Monday, July 18, 2011

Honour and Nobility

I have been plowing through A Song of Ice and Fire series by George RR Martin in preparation for reading the latest installment.  I had forgotten how bloody *enormous* it is!  900+ pages for every book and they just seem to get bigger and bigger as the story progresses.  I had also forgotten just how much Martin manages to avoid having Good and Evil people in his story.  While there are certainly people who are jerks it reads a lot more like read life than fantasy:  People have real reasons for doing things and those that inflict the most hideous cruelties are often nice in other situations and those that seem so honourable and good end up being responsible for tidal waves of blood.

*Warning:  Spoiler alert!*

Take Eddard Stark.  A stern but just ruler, a man who strives to be honourable in all things.  His death near the end of the first book came as a shock to many since he was the central character for Team Good for the story up to that point.  But how good was he really?

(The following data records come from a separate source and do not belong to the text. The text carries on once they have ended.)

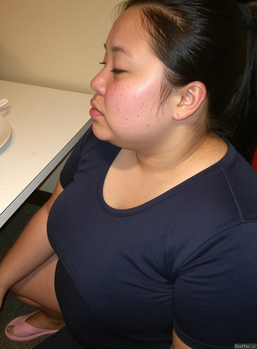 Chinese girl, morbidly fat , dark, swollen face, soft_jawline, 23 y/o, long_dark black_straight greasy hair) (((fully_dressed))) ((Fat double-chin, no neck)) ((No makeup, greasy face)) She doesnt wear makeup. She has some acne and puffy cheeks. Side profile. High angle shot wearing tight yoga pants and strained t shirt with tight sleeves.. Shes fat and her belly is hanging. Wearing slippers. Fat calves and cankles Shes waddling through her favorite Chinese restaurant. Big (fat_belly), (((fatty face))) (Flabby arms) Junk gross , she is sweaty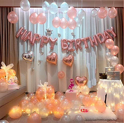 Color:with Rose Gold and White Metallic Balloons + Foil Balloons - (Pack of 47 pcs)Included in this package are 13 pcs superior quality H-A-P-P-Y-B-I-R-T-H-D-A-Y letter foil balloons in ROSE GOLD for Brthday party decoration. Also included 30 pcs Rose Gold and White Metallic Balloons and 4 pcs Foil Balloons in Star / hert Shape. This item is sold and serviced by Balloon Junction. One of the pioneers in bringing a wide range of balloons for all occasions party supplies and party decoration items for all kinds of occasions like 1st Brthday Boy Brthday Girl Brthday Small shower Anniversary Bridal shower Engagements Etc. We have one of the widest range of quality products to suit the needs of our customers. Search for "Balloon Junction" in the search bar for reaching our store front.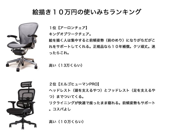 クリエイターさんにオススメの椅子と その買い方など Togetter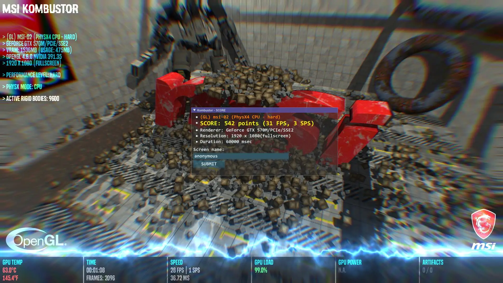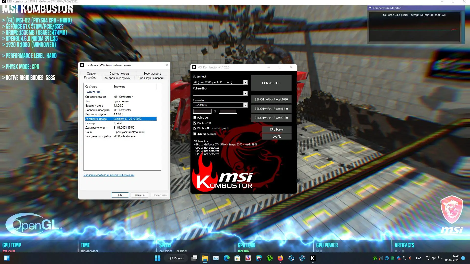 MSI Kombustor — это специализированная утилита для стресс-тестирования видеокарт, позволяющая оценить стабильность и производительность графического адаптера под высокой нагрузкой. Программа подходит как для пользователей MSI, так и для владельцев других брендов, обеспечивая точный тест и мониторинг ключевых параметров в реальном времени.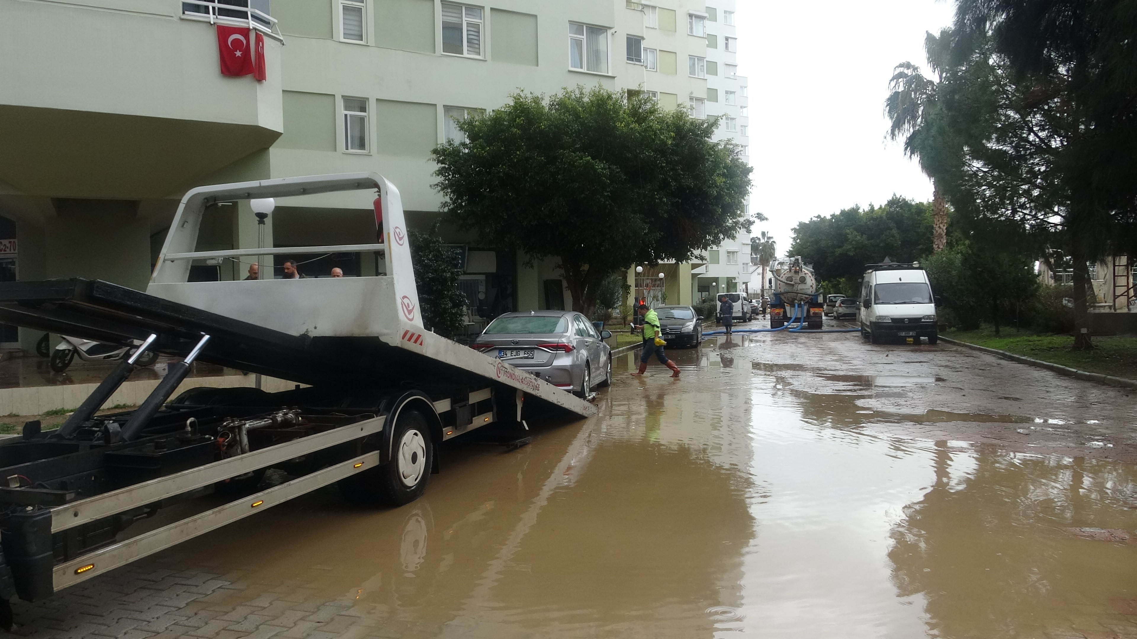 ASAT ve itfaiye ekipleri ağzına kadar su ile dolu otoparklarda bulunan suyu çekmek için dalgıç pompalar ise çalışma başlattı. Aracı ikamet ettiği sitenin otoparkında sular içinde kalan vatandaşlardan Leyla Görpe, "Dün akşamdan bu yana burada büyük bir afet yaşadık. Otoparklarımız su içinde, bizim sitemizde 2 araç yan sitede ise 9 araç sular içinde. Elektriğimiz olmadığı için hidraforlarımız dahi çalışmıyor. Mahsur kalmış durumdayız. Siteleri boşalttırıyoruz. Bu suların çekilmesi ve elektriğin yeniden sağlanması için 1 hafta lazım. AFAD'ı, itfaiyeyi aradık. Jeneratör getirdiler, ama elektrik olmadığı için suyu da boşaltamıyoruz. Dalgıç motorlarımızın olması da hiçbir işe yaramadı elektriğimiz olmadığı için. Burada mahsur durumdayız, ya otellere gideceğiz, ya da akrabalarımız varsa onlara gideceğiz" dedi.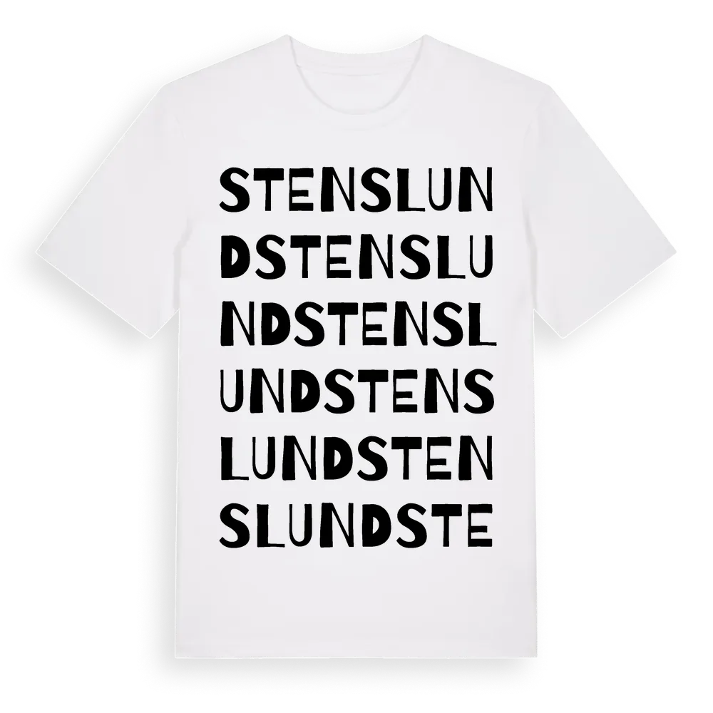 Stenslund ordlek t-shirt är inspirerad av Stenslund i Östergötlands län, Sverige. Tröjan är designad för dig som har en speciell koppling till platsen – oavsett om du bor här, har rötterna här eller bara älskar Stenslund.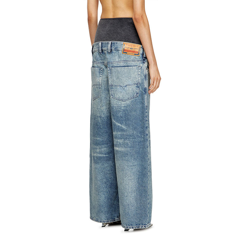 Relaxed fit with a high body-hugging basque, secured to a classic 5-pocket waistband that creates the illusion of a bumster jean. The low crotch and long wide leg enhance the extreme silhouette. Button fly.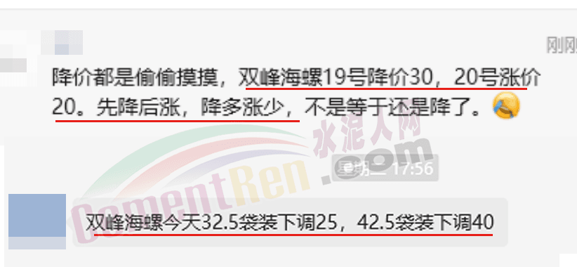 當(dāng)?shù)匾唤?jīng)銷(xiāo)商反饋稱(chēng),“雙峰海螺19日降價(jià)30元/噸,20日又通知漲價(jià)20元/噸。先降后漲,降多漲少,漲也是降啊!”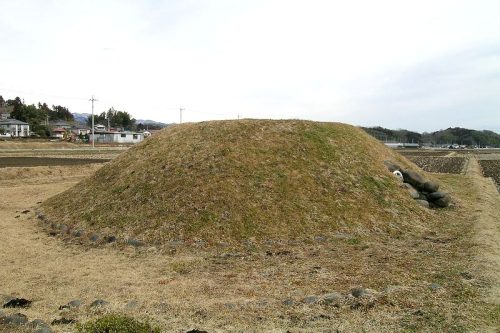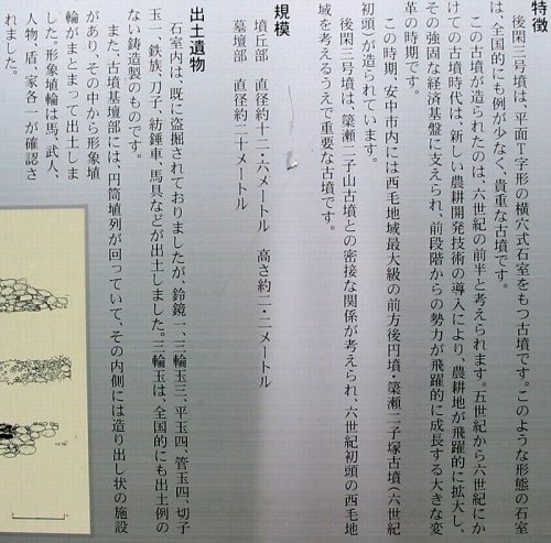 後閑3号墳(後閑村3号古墳) 円墳 基壇径約20m 墳丘部径12.6m、高さ2.2m 後閑字山王前 円筒埴輪、形象埴輪、鈴鏡、玉、鉄鏃、刀子、馬具、紡錘車、横穴式石室 現地案内板

He warned Cersei Lannister of his intentions, paving the way for Robert's murder.  He refused to seize power multiple times when the opportunity presented itself and instead walked into a betrayal that plunged the world into war.  Eddard had ample opportunities to leave the realm in peace but he did not do so for one reason:  His honour.  He weighed the possibility of war and the accompanying deaths of tens of thousands against 'I would feel bad' and chose the former.  He decided that it was more important for him to 'do the honourable thing' than it was for him to prevent the realm being plunged into war.  This action can't even be justified be looking at his immediate family since they ultimately were nearly wiped out (along with gazillions of their followers) in the ensuing chaos.

Eddard is by no means the only one.  All kinds of high lords are happy to cause untold carnage to increase their own power, get revenge for friends or family members that have died or just for the glory of it all.  Looked at through a modern lens where the lives of a peasant and a powerful lord are equal their behaviour is universally evil; even the best of the lords places far more import on the life and comfort of someone nobly born.  This is obviously pretty accurate as that was the way things were in feudal society, and in fact in pretty much any society until our modern one.  Even if the mayor of Toronto could in fact order the people of the city to attack Vancouver he would find absolutely nobody who thought that rescuing his son would be an appropriate excuse for such an action.

The more I read this series the more I appreciate how well it is written... but the more I also appreciate how capable people are of being evil while believing themselves to be utterly righteous.

1 comment:

  1. I am very glad that Rob Ford cannot declare war on Vancouver.